Выбрать главу

К тому же деньги у него были (профессор, декан, книги и учебники). Однажды он таскал меня по магазинам где-то в центре и покупал все, на чем мои глаза останавливались с восхищением. Так я стал обладателем большущего педального автомобиля - редкость и новинка в ту пору, настольного, но огромного бильярда, и совсем ненужного мне двуствольного охотничьего ружья с шомполом, патронташем, коробкой гильз и пистонов.

Я помню, что, когда мы, до зубов всем этим вооруженные, выбрались, наконец, на улицу, полил страшенный ливень, отец затолкал меня с бильярдом и автомобилем в подъезд и побежал искать машину. Я совершенно отчетливо до сих пор ощущаю сырой запах подъезда, вижу потоки воды у самых ног, помню неловкость за свое богатство перед людьми, забегавшими сюда же спастись от дождя. Но я сжимал в руках ружье, пальцы мои лежали на двух курках сразу конечно, я был счастлив и переполнен мальчишеской радостью.

Не знаю, бывал ли у нас дома Радек, кажется, нет, но кто-то из тех, кто внушил Радеку и Тер-Ваганяну высказанные ими на процессе идеи об отцовском терроризме, могли бы широко воспользоваться имеющимся в моем распоряжении небольшим складом оружия. И если до охотничьей двустволки, надо думать, дело все-таки не дошло, то еще одна моя игрушка, я убежден, сыграла свою роль на следствии.

Однажды я нашел в нашем дровяном сарае, в ящике со всяким ненужным хламом, большой настоящий наган с вращающимся барабаном. Это была потрясающая игрушка, лучше педально-го автомобиля. И наган перекочевал ко мне. Отец как-то увидел его, повертел в руках и в ответ на мой вопрос сказал, что ему подарили этот наган в семнадцатом году матросы в Петрограде.
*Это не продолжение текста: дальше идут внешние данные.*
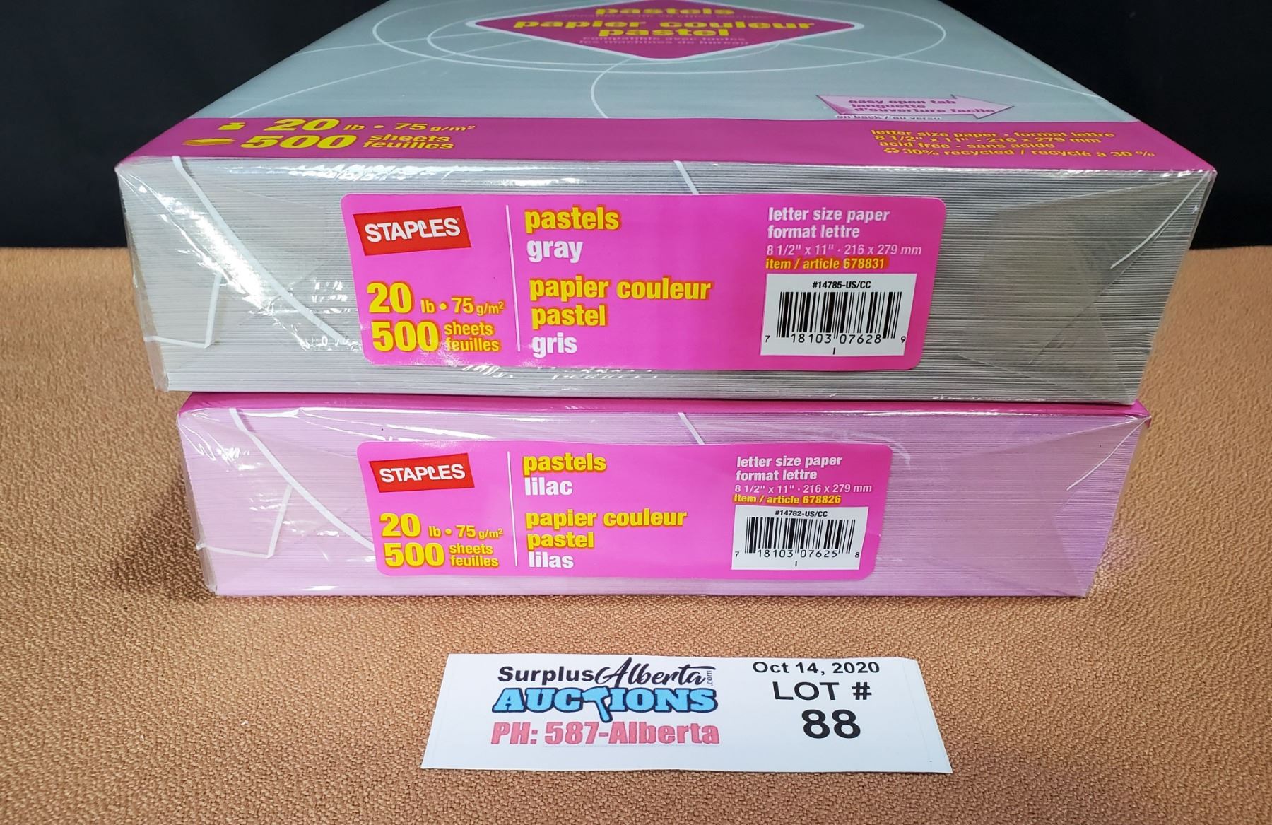 1 Packs of Staples Pastels Lilac & 1 Pack of Staples Pastels Gray 20 Lb 8.5" x 11" Letter Size Paper 500 Sheets per Pack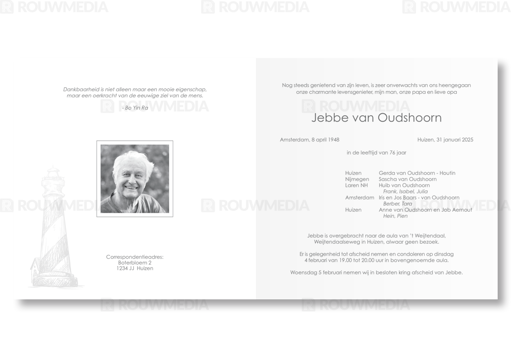 Rouwkaart met geillustreerde vuurtoren

Наша квартира была угловой, часть окон, довольно низких, выходила во двор Третьего Дома Советов, а часть в Божедомский (теперь Оружейный) переулок. Однажды прямо против наших окон началось строительство: приехали рабочие, огородили участок мостовой щитами и стали что-то такое сооружать, по всей вероятности, переносили сюда трамвайную остановку. Наверно, это было весной, окна уже открыли и грохот стоял страшенный.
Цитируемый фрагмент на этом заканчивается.